Tuesday, May 12, 2009

Sowing the Seeds of Hypocrisy

I try, I really do, to live a Good Life.

I haven’t killed any babies or puppy dogs. I haven’t smote anyone, lately. I speak out against the various atrocities committed in the past, and I vow to do better in my own time. I try to lead an ethically sound life. But sometimes, it’s hard.

Take food, for example.

First, I lost meat, because I like happy, frolicking animals, and I like the Earth, and I don’t know if my life is worth much more than that of your average chicken. Then, I lost dairy (I still cheat if it’s delicious) - because milk doesn’t exist without veal, and scared little veal calves on atrophied legs being hauled out to auction make me cry myself to sleep. Then there was the loss of Nestle Products, which meant no Turtles, or Stoufer’s, or Haagen Daz (now doubly banned). Why did you have to kill all those African babies, Nestle? Your products were delicious. It’s all so unfair.

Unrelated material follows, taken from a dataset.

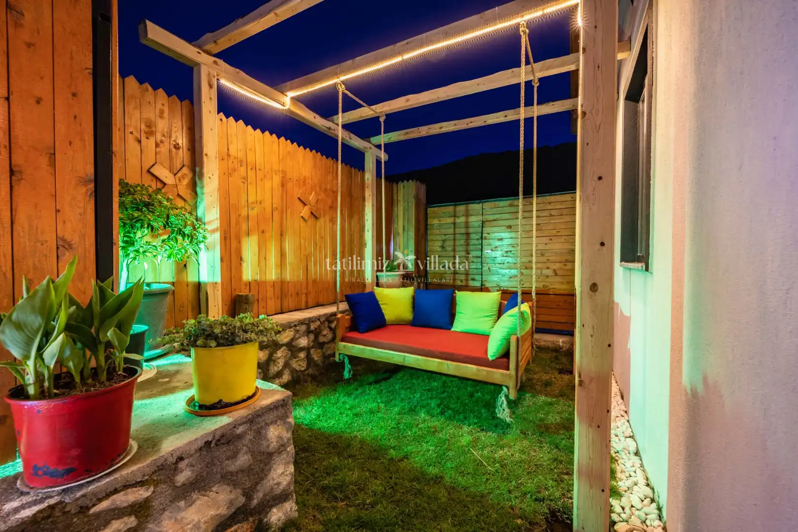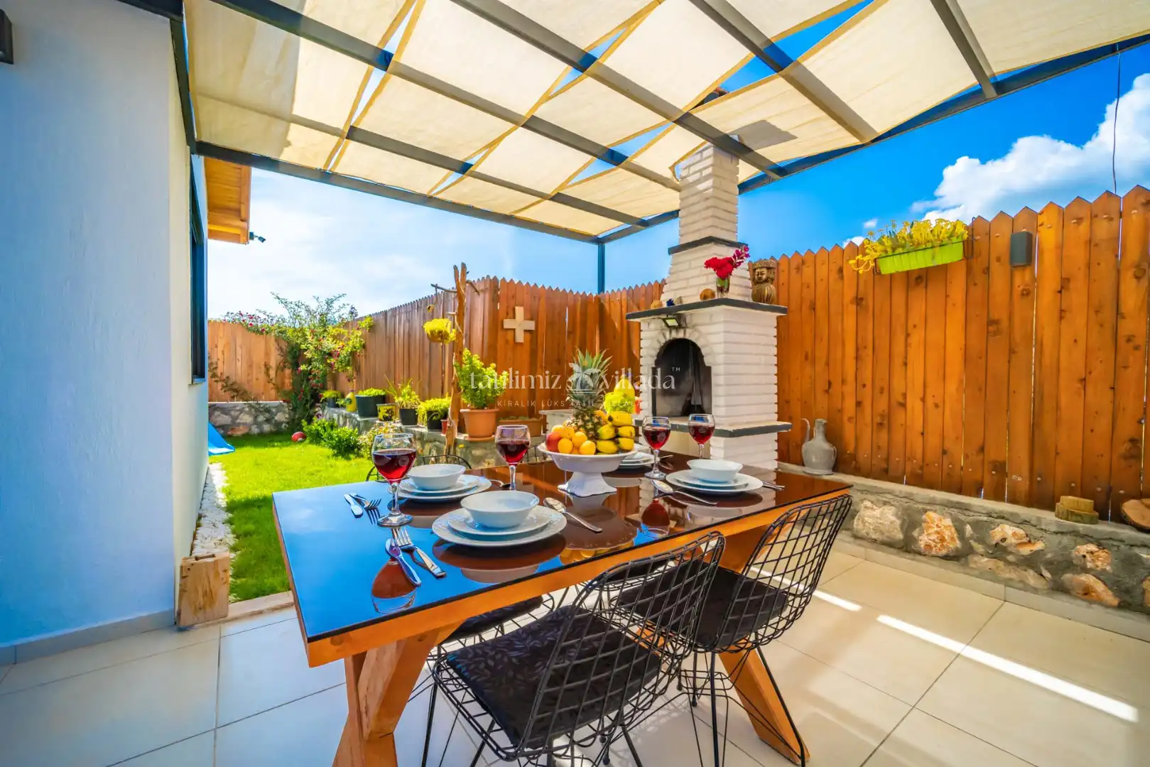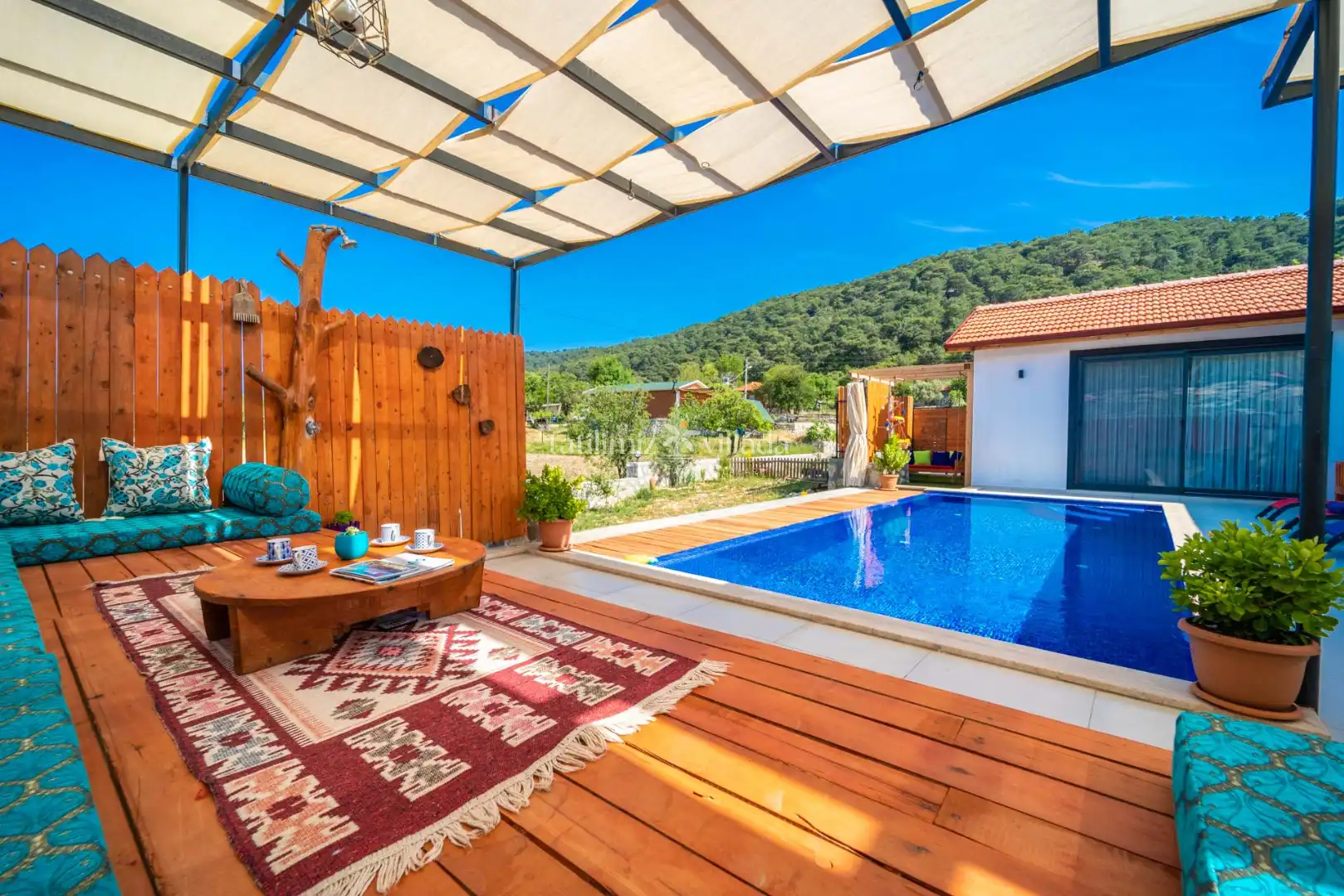 Villamızın özel yüzme havuzu, bahçesi ve havuz terası dışarıdan görünmeyecek şekilde muhafazalıdır. Bu özelliği sayesinde muhafazakar Kalkan kiralık villa arayışında olan misafirler için oldukça uygun bir konaklama alternatifidir. Güneşin ve doğanın tadını özgürce çıkarabilirsiniz.

I eyed bananas suspiciously, waiting for them to declare themselves inedible, wanting to pretend that I didn’t already know about cash crops and gunned down plantation workers. I was losing weight, and bananas were affordable. I needed a better solution.

Thus, I began to grow a vegetable garden.

I cleared the earth myself, ripping back the grass, picking out the grubs, swearing vehemently at the dandelions and their insidious, spindly roots. I learned that vinegar will kill dandelion roots, but only if applied on a warm, dry day. I set traps for slugs, and going back to weed, found myself chanting: worms, you may live, slugs, you must die, and vegetation, you must grow in an orderly, single file of monoculture… Oh dear.

I seem to have become everything that I hate.

I kill the species that I do not like: grubs I throw out into the sunshine to shrivel, while slugs I lure to an early alcoholic grave. Encroaching vegetation must be stopped via mechanical or chemical means, and I rip out indigenous, symbiotic plant systems without a second thought. I inflict my will upon this patch of earth and call it my own and make it bend to my will.

Ladybugs may live. Aphids must die. Spinach may grow in neat rows, and will be killed if it deviates too far into my carrots. I am a cruel and heartless dictator, my colony an authoritarian state, my tiny garden plot a miniature of all the world being colonized and subjugated.

I am a monster. I am a tempestuous deity, killing things I don’t like, molding the Earth according to my wrathful whims. I stab at a dandelion root with a spade, whispering ‘die!’, feeling like I’m fighting a holy war. The dandelion clearly has Darwin on its side - it’s only fair that I have God on mine.

So I fight against the slugs with a rally cry lifted from the Old Testament. It’s genocide on a miniature scale, and because I have to eat, it seems to be the only solution.

My garden has turned me into everything I fear and despise; those vegetables had better be delicious.